The cath was a week later. They ballooned the SVC with mild success. The obstruction was only relieved by about 50%. In addition, his pulmonary veins had become stenotic. The left lower vein was completely gone (atretic). The right veins looked better than the left, but still a bit compromised. The doctors recommended a marsupialization for the pulmonary veins, and while they were in there, they would patch the SVC. Three days later, Benjamin went in for his third surgery. He came through with flying colors, and went home from the hospital 4 days later. The patch allowed the SVC to remain wide open. The right pulmonary veins were marsupialized, and the remaining left vein was snipped open close to the heart to relieve the narrowing.
Since the end of January 2003, Benjamin has continued to thrive. He is now a very happy 8 month old baby. His next cath is in June 2003.
September 13, 2003 Update
Benjamin had a diagnostic cath at the end of May, 2003 to get a good look at his pulmonary veins to see if the stenosis had progressed. Much to our surprise, it had not progressed, and things looked the same as they had post-op in January. This was truly a miracle for us because in the same amount of time last fall (4 months), the stenosis had progressed so quickly that Benjamin had lost one vein completely.
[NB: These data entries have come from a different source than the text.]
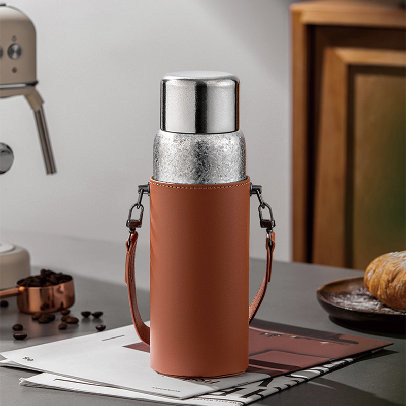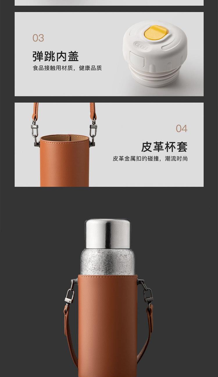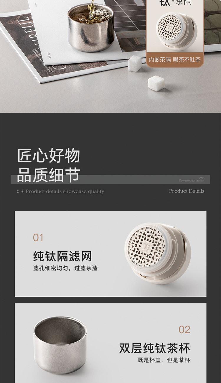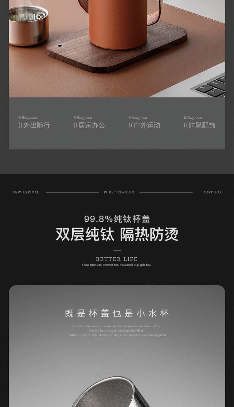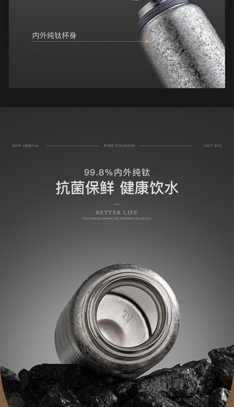 产品参数:1、产品容量:450ml 2、材质:内外纯钛 3、产品净重:247g±10g 4、包装标准:大/小礼盒+礼袋 5、颜色:皓月银、冰川蓝 6、尺寸信息:高:20cm,直径7.5cm 产品特点: 1、整杯纯钛打造,保鲜饮品更安全;2、一键按压开关,轻松畅快补水;3、倒饮、直饮两种饮水方式,饮水不受限,开启趣味饮水时刻; 4、自带纯钛茶隔,熟茶久焖更香醇; 5、精致皮革杯套,可拎可背,出街必备。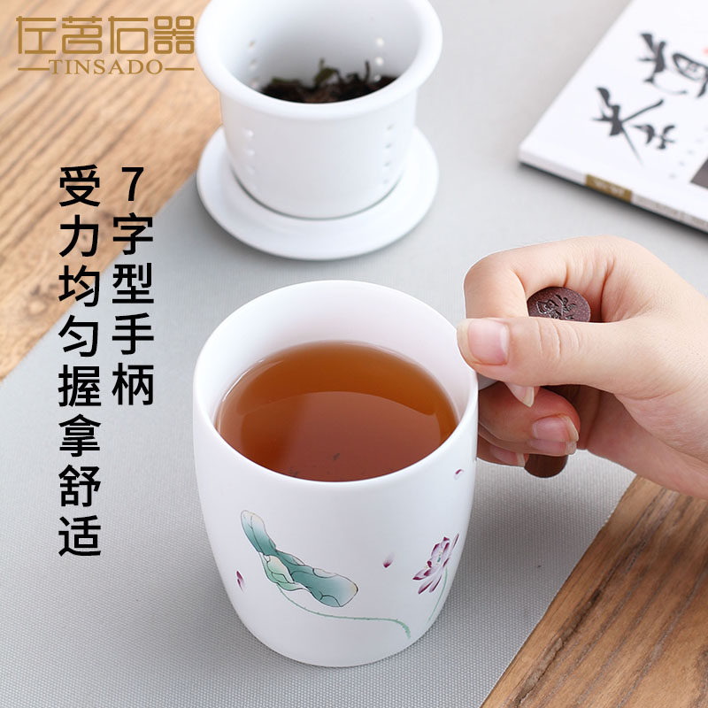 Left Tea right instrumental Mark cup with lid filter Tea Water separation Ceramics Water Cup Office Personal Special Tea Cup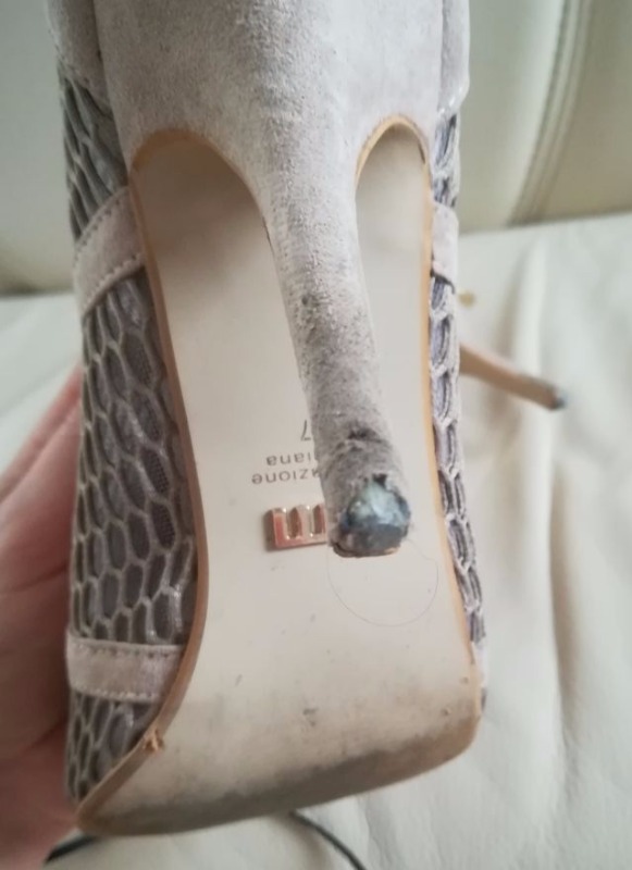 W przypadku tych bucików, najlepszym rozwiązaniem byłoby wykonanie nowych obciągów skórzanych obcasów. Oczywiście, identyczny materiał jak w oryginale ma tylko producent, jednakże posiadamy w serwisie bardzo duży wybór skór, poza tym współpracujemy z hurtowniami, dzięki czemu jest duże prawdopodobieństwo, że uda się dobrać prawie identyczną skórą.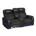 Upgrade your living room’s décor with the Prime Time P3 3PC Living Room Set. The power recline, headrest, and lumbar functions maximize comfort, elevating moments of repose. Features like LED lighting and the sofa’s drop-down table with reading lights add modern flair, while wireless charging, metal cupholders, and hidden storage in the armrests add practical convenience to all pieces. Luxurious 100% leather upholstery in a versatile black finish makes this set easy to pair with various décor styles and enhances durability. For a refined addition of style and comfort, the Prime Time P3 3PC Living Room Set delivers.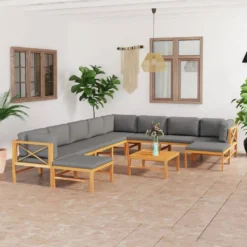 Este juego de jardín de madera, que destaca por su diseño elegante y sus cojines blandos, es un gran aporte para tu jardín, terraza o patio, para que puedas conversar con familiares y amigos o simplemente disfrutar del buen tiempo. Hecho de madera dura de teca muy duradera, este juego de muebles de teca ha sido curado, secado al horno y luego lijado para dar una apariencia muy suave. La madera de teca es conocida por su excepcional solidez y resistencia a la intemperie, lo que la hace mucho más adecuada para muebles de jardín que cualquier otro tipo de madera. La madera de teca es la elección perfecta si deseas comprar un mueble de jardín duradero. La superficie lijada es fácil de limpiar con un paño húmedo. El asiento y respaldo densamente acolchados, así como los reposapiés incluidos, aumentan la comodidad máxima. La mesa es ideal para colocar bebidas y comida. Nota: Para prolongar la vida útil de los muebles de exterior, te recomendamos que los limpies con regularidad y no los dejes al aire libre sin protección innecesariamente.Limpieza: Usa una solución de jabón suaveAlmacenamiento: Si es posible, guarda el producto en un lugar fresco y seco en el interior. Si el producto se almacena al aire libre, protégelo con una funda impermeable. Limpia y seca el exceso de agua o nieve de las superficies planas después de una lluvia o nevada. Permite la ventilación para evitar daños relacionados con la humedad. Color del cojín: GrisMaterial: Madera dura de teca lijada fina con acabado a base de agua, tela (100% poliésterDimensiones del sofá de la esquina: 66 x 66 x 60 cm (ancho x profundo x altoDimensiones del sofá del medio: 63 x 66 x 60 cm (ancho x profundo x altoDimensiones de la mesa: 63 x 63 x 30 cm (ancho x profundo x altoDimensiones del reposapiés : 62,5 x 62,5 x 30 cm (ancho x profundo x altoGrosor del cojín del asiento: 5 cmGrosor del cojín de respaldo: 15 cmRequiere montaje: SíLa entrega incluye:3 x Sofás de esquina5 x Sofás centrales1 x Mesa2 x Taburetes10 x Cojines de asiento11 x Cojines de respaldo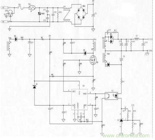 主要用于調(diào)整PWM IC的VCC電壓,以目前使用的3843而言,設(shè)計(jì)時VCC必須大于8.4V(Min. Load時),但為考慮輸出短路的情況,VCC電壓不可設(shè)計(jì)的太高,以免當(dāng)輸出短路時不保護(hù)(或輸入瓦數(shù)過大)。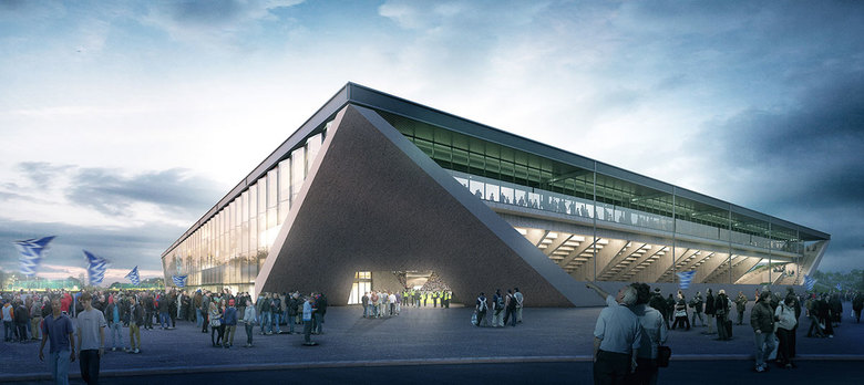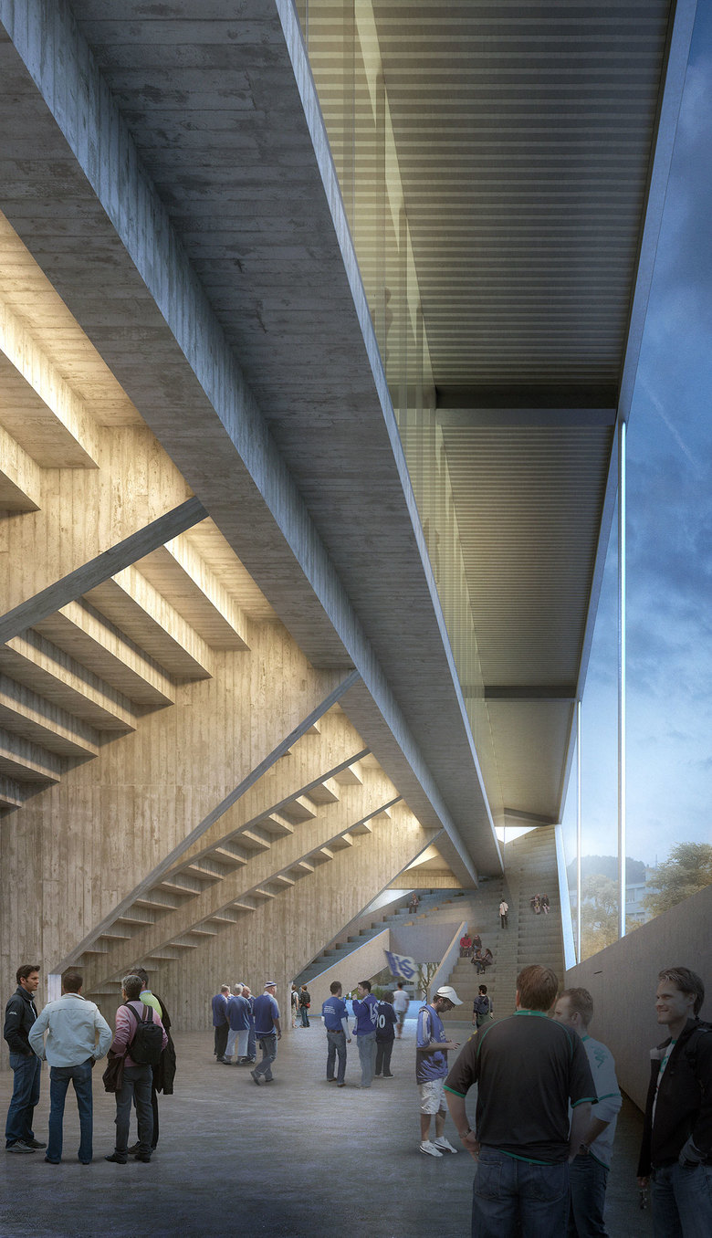 Eine leichte Dachkonstruktion und eine schalenartige Tribünenkonstruktion in Massivbauweise bilden das Tragwerk des Stadions. Die vier aufgefalteten, rund 13 m hohen, Ecken des Stadions charakterisieren das eigentliche Schalentragwerk. Diese schiefen Ebenen werden als Platten in Ortsbeton hergestellt. Die schrägen Platten werden im oberen Drittel von einem horizontal umlaufenden vorgespannten Zugring zusammen gehalten. Der L-förmig ausgebildete Zugring wird von den Tribünenschotten in regelmässigen Abständen von 18.60 m getragen. Er dient zusätzlich als Auflager für die dazwischen liegenden vorfabrizierten Sägezahnträger und ist zudem auch obere Zirkulationsebene. Auf den Sägezahnträgern und den an Ort hergestellten Tribünenschotten liegen die vorfabrizierten Winkelstufen für die Sitze.

His other repairs also looked great. His last echo in August also showed that his repairs all remain stable. It is now September, and he just turned one and continues to thrive. He was taken off of his aspirin therapy in August, and will go off of his other medication (Atenolol) this month, leaving him medication free!!
March 2008 Update
Benjamin is 5-1/2 years old, and is doing remarkably well. Heart-wise, he has required no further intervention since the last update (cath in May 2003). We have had a few scares along the way, but things continue to remain stable. He has sustained some lung damage from his pulmonary vein stenosis, and as a result suffered through a difficult pneumonia in the fall of 2007. But we are relieved that he was able to clear the infection and remain strong, giving us hope that his body is still fighting the good fight. He will inevitably need a trip to the cath lab to dilate his IVC stent sometime in the future. In the meantime, he lives a very active life, participating in swimming, karate, and t-ball. He also loves to ride his bike. After wading through his difficult first year and waiting for life to be somewhat "normal", it really does seem to be that way. We are thrilled. Since our last update, Benjamin has also become a big brother. Isaac was born in July 2005 and is heart healthy!